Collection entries
★ ★ ★ ★ ★

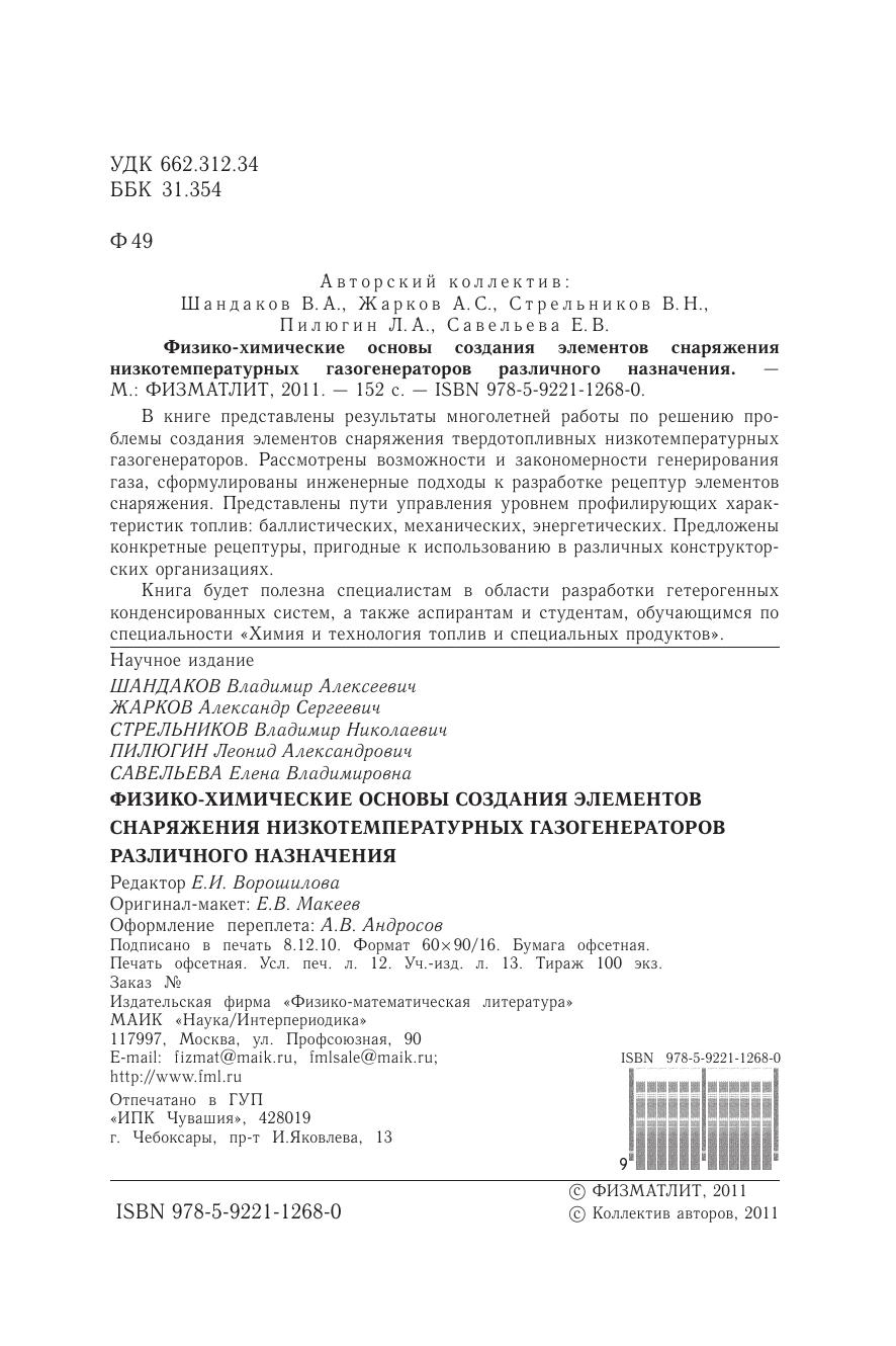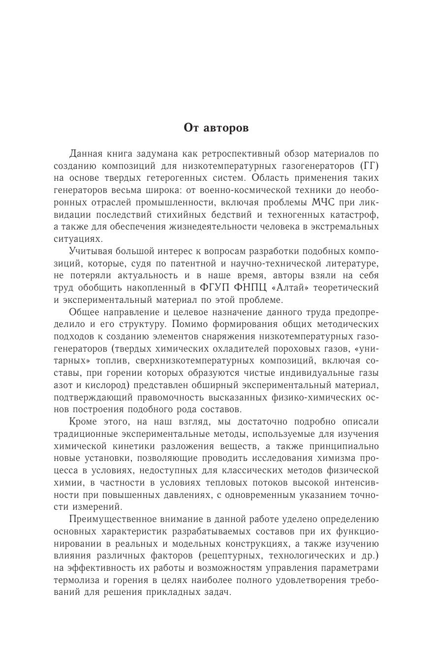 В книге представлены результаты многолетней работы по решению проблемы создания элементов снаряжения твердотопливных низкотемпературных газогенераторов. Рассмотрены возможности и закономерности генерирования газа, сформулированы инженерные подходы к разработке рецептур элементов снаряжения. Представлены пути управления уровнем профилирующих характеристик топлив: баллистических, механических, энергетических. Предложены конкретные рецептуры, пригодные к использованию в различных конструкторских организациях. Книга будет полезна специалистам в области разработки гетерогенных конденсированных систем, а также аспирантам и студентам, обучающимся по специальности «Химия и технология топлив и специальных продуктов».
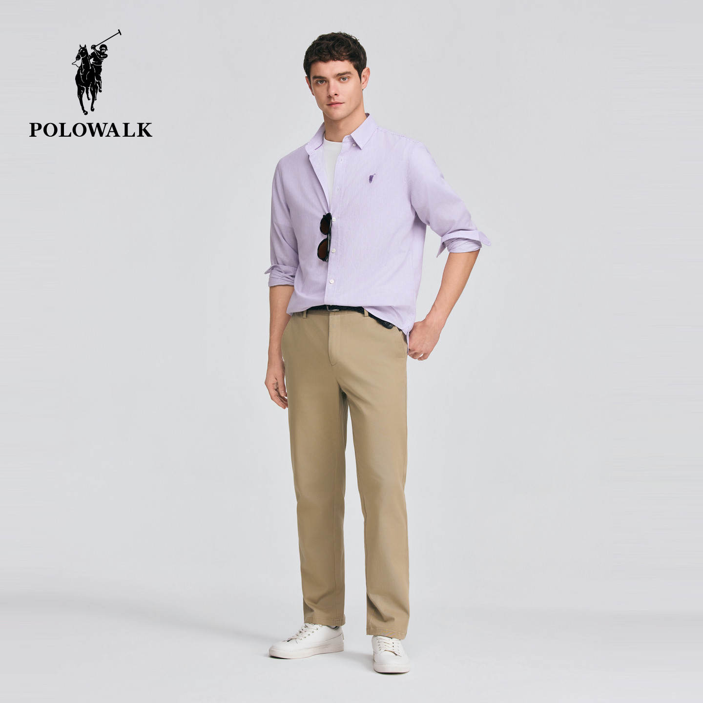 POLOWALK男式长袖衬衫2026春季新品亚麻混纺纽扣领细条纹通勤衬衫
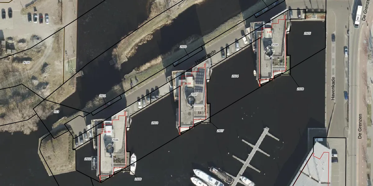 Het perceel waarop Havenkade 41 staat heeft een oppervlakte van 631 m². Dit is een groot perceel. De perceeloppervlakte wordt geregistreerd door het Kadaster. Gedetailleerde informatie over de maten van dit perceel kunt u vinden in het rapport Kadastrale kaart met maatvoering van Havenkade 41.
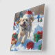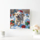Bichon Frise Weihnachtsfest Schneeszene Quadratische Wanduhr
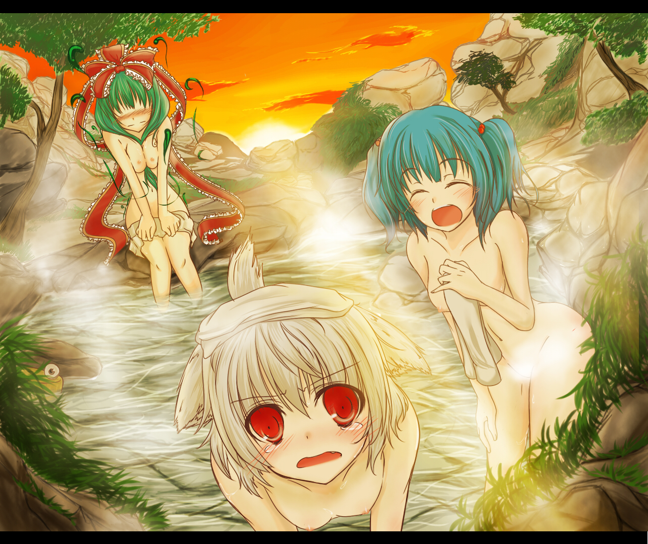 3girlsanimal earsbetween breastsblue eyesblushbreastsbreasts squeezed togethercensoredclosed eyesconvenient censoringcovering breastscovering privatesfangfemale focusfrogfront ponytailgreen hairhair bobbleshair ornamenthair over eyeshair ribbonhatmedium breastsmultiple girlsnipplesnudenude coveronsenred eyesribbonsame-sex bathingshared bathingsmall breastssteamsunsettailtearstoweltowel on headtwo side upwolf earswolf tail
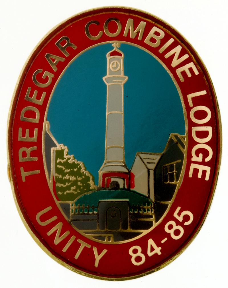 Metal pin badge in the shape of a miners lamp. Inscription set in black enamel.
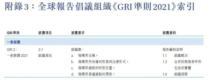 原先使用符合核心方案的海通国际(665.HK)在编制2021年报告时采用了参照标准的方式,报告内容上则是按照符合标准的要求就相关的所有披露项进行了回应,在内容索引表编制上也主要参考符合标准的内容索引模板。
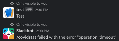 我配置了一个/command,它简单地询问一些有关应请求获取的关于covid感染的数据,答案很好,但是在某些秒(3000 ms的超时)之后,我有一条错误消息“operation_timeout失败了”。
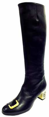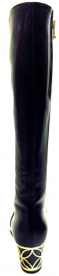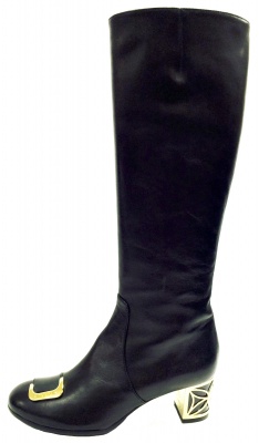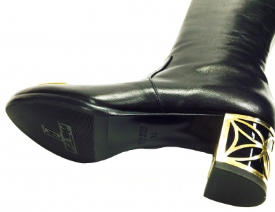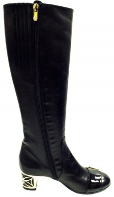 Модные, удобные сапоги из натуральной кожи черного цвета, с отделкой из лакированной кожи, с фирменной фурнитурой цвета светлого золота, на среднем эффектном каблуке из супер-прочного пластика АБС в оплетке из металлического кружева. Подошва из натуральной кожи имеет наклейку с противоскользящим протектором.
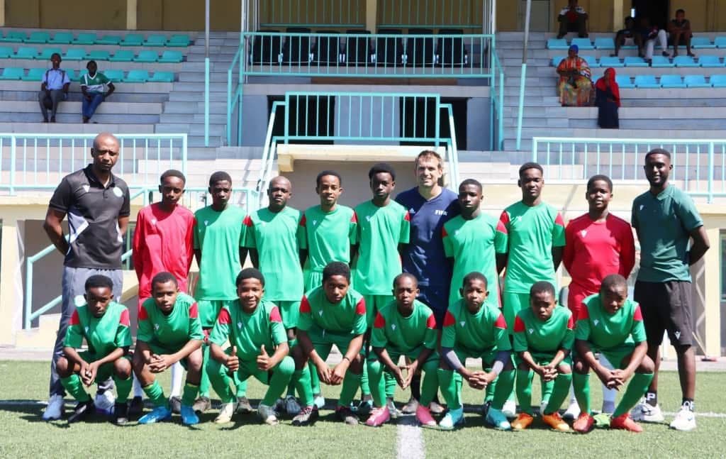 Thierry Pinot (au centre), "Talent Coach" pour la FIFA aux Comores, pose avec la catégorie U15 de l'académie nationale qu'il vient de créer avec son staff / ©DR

★ ★ ★ ★ ★

● EXERCISE
Copy word for word the lines above, starting at the line containing "Het perceel waarop" and ending at the line containing "Bichon Frise Weihnachtsfest", inclusive, with no pictures.

● RESPONSE FOR THIS EXERCISE
 Het perceel waarop Havenkade 41 staat heeft een oppervlakte van 631 m². Dit is een groot perceel. De perceeloppervlakte wordt geregistreerd door het Kadaster. Gedetailleerde informatie over de maten van dit perceel kunt u vinden in het rapport Kadastrale kaart met maatvoering van Havenkade 41.
Bichon Frise Weihnachtsfest Schneeszene Quadratische Wanduhr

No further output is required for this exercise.